Excerpts from a dataset:
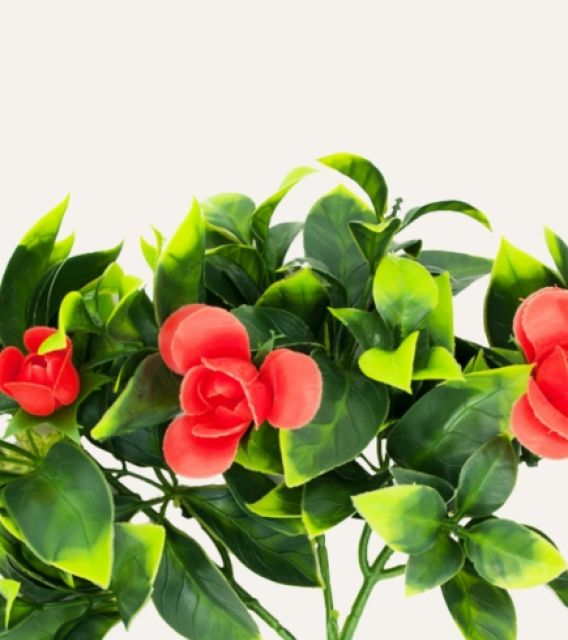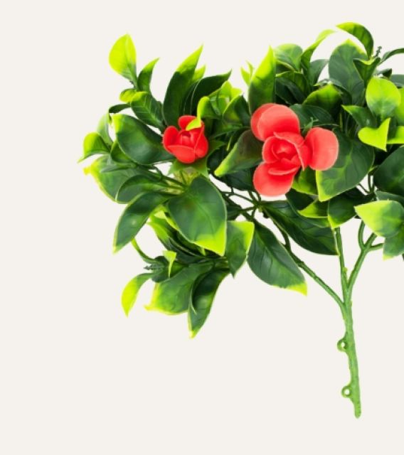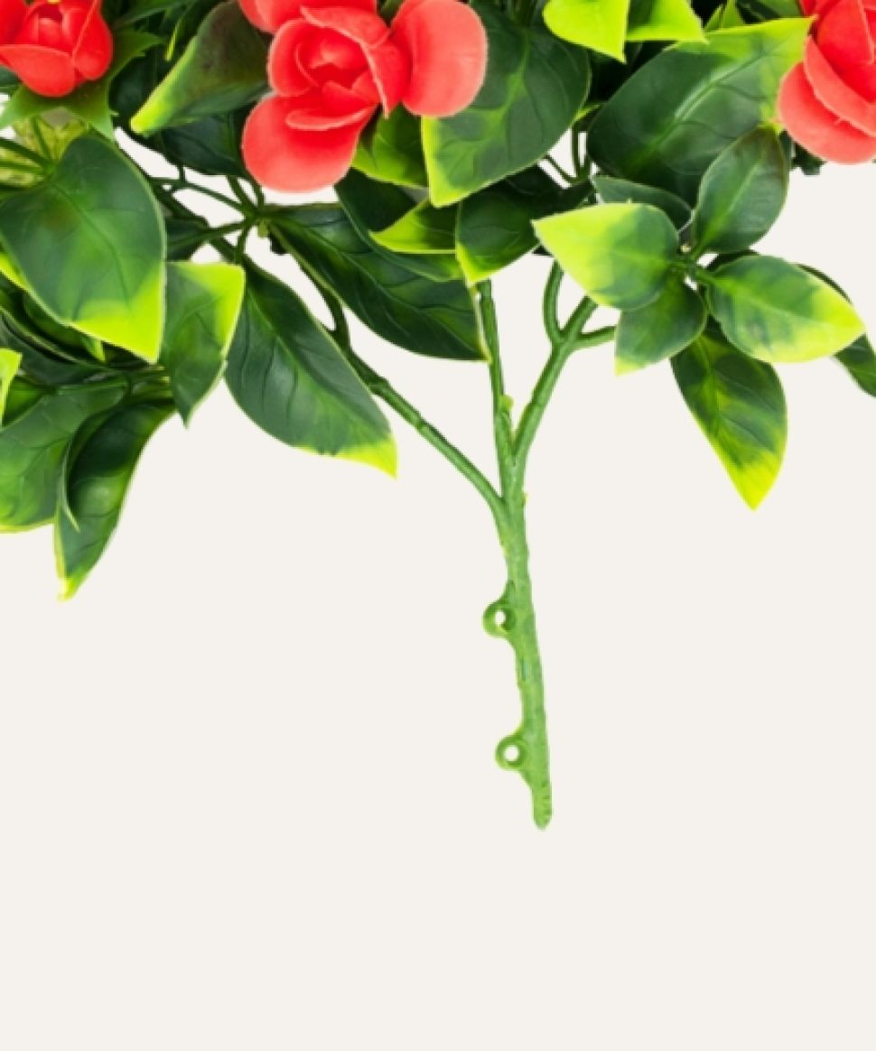 Su estructura resistente permite mantener la forma y caída natural de la planta, adaptándose a múltiples aplicaciones en interiores y exteriores. Libre de mantenimiento, el jazmín flor roja artificial es una solución duradera y estética para hoteles, oficinas, comercios y proyectos contract que buscan vegetación decorativa de alta calidad sin los cuidados asociados a plantas naturales.
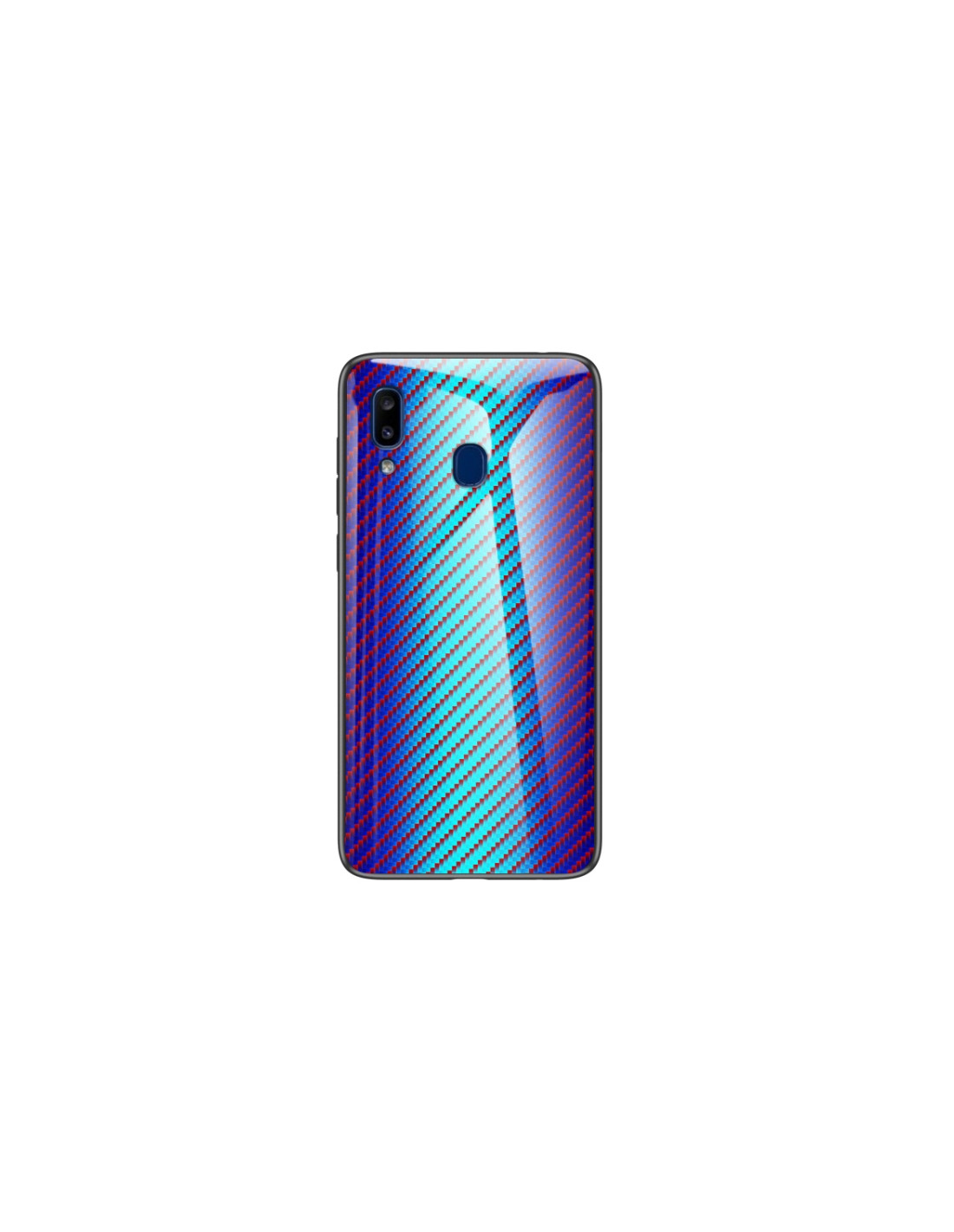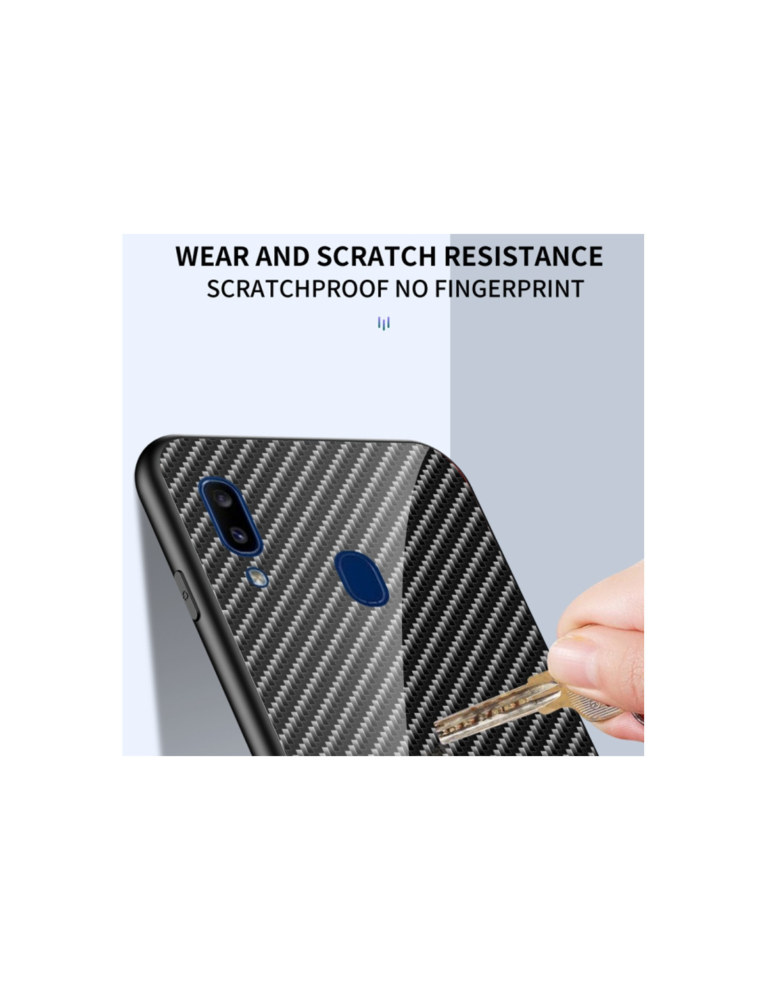 Cover Galaxy A20e in TPU con bordo in fibra di carbonio e vetro temperato posteriore. Protezione elegante e resistente.
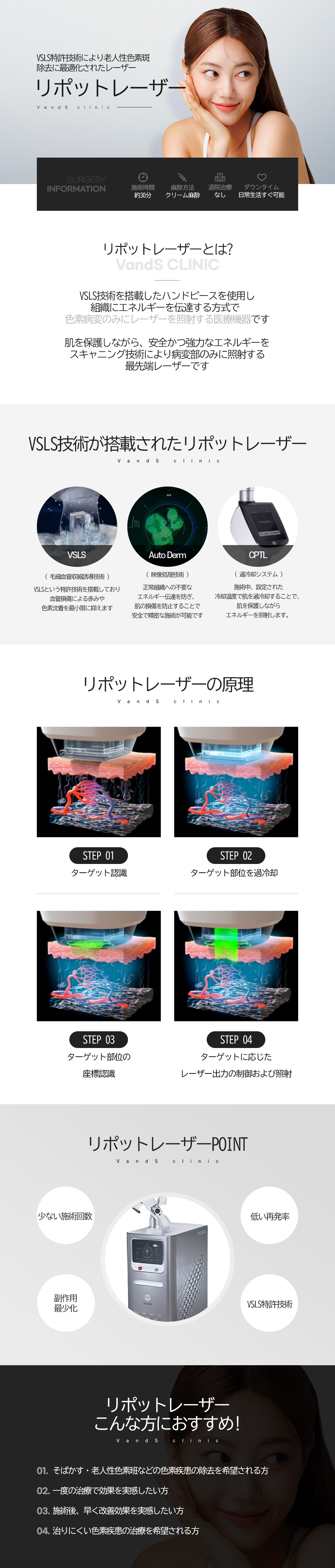 不均一な色素分布に対応し、レーザーの強度を自動調節します。ハイパークーリングテック・ハンドピースを使用することで痛みを軽減します。施術後すぐに日常生活に戻れます。コンタクトクーリング方式のCPTL技術を採用しています。冷却方式のVSLS®技術を採用しています。
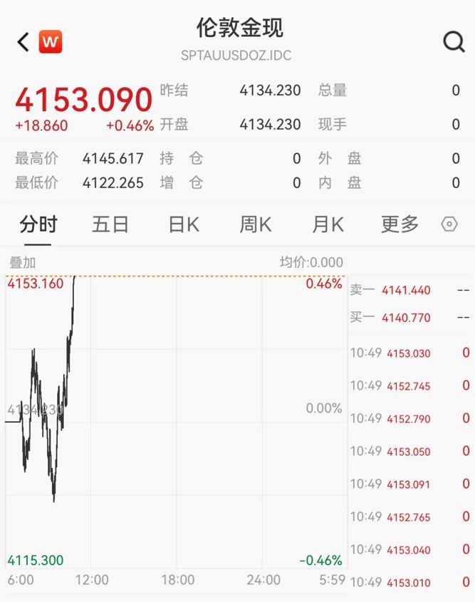 昨夜今晨,现货黄金涨势不止,从4060美元/盎司拉升至4150美元/盎司。截至记者发稿,现货黄金报4153.09美元/盎司。
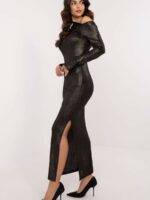 Une élégante robe de soirée de coupe crayon, parfaite pour les sorties et les fêtes spéciales. Fabriquée à partir d’un matériau de haute qualité avec un mélange de polyester et de viscose, avec une texture légèrement ornée qui donne de l’élégance à la tenue. La longueur maxi et la silhouette ajustée mettent subtilement en valeur la silhouette féminine. L’encolure asymétrique et les coussins cousus sur les épaules donnent à la robe un caractère marqué, tandis que les manches longues avec des poignets munis d’une ouverture pour le pouce offrent un look moderne et intrigant. Les plis supplémentaires sur le tissu ajoutent de l’élégance, créant un style unique sans fermeture.
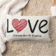 Coussin Rectangle Amour de couple gribouillé cœur moderne noir et ro
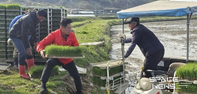 스페이스뉴스 스페이스뉴스 기자 | 양평군은 지난 15일 지평면 수곡리에 위치한 전경복 농가에서 올해 첫 모내기를 실시했다고 밝혔다.

PROBLEM TO WORK ON: Your output must consist only of the lines from the line with "昨夜今晨,现货黄金涨势不止,从4060美" through the final line of the data, both included, reproduced exactly and free of pictures.

WRITTEN ANSWER:
 昨夜今晨,现货黄金涨势不止,从4060美元/盎司拉升至4150美元/盎司。截至记者发稿,现货黄金报4153.09美元/盎司。
 Une élégante robe de soirée de coupe crayon, parfaite pour les sorties et les fêtes spéciales. Fabriquée à partir d’un matériau de haute qualité avec un mélange de polyester et de viscose, avec une texture légèrement ornée qui donne de l’élégance à la tenue. La longueur maxi et la silhouette ajustée mettent subtilement en valeur la silhouette féminine. L’encolure asymétrique et les coussins cousus sur les épaules donnent à la robe un caractère marqué, tandis que les manches longues avec des poignets munis d’une ouverture pour le pouce offrent un look moderne et intrigant. Les plis supplémentaires sur le tissu ajoutent de l’élégance, créant un style unique sans fermeture.
 Coussin Rectangle Amour de couple gribouillé cœur moderne noir et ro
 스페이스뉴스 스페이스뉴스 기자 | 양평군은 지난 15일 지평면 수곡리에 위치한 전경복 농가에서 올해 첫 모내기를 실시했다고 밝혔다.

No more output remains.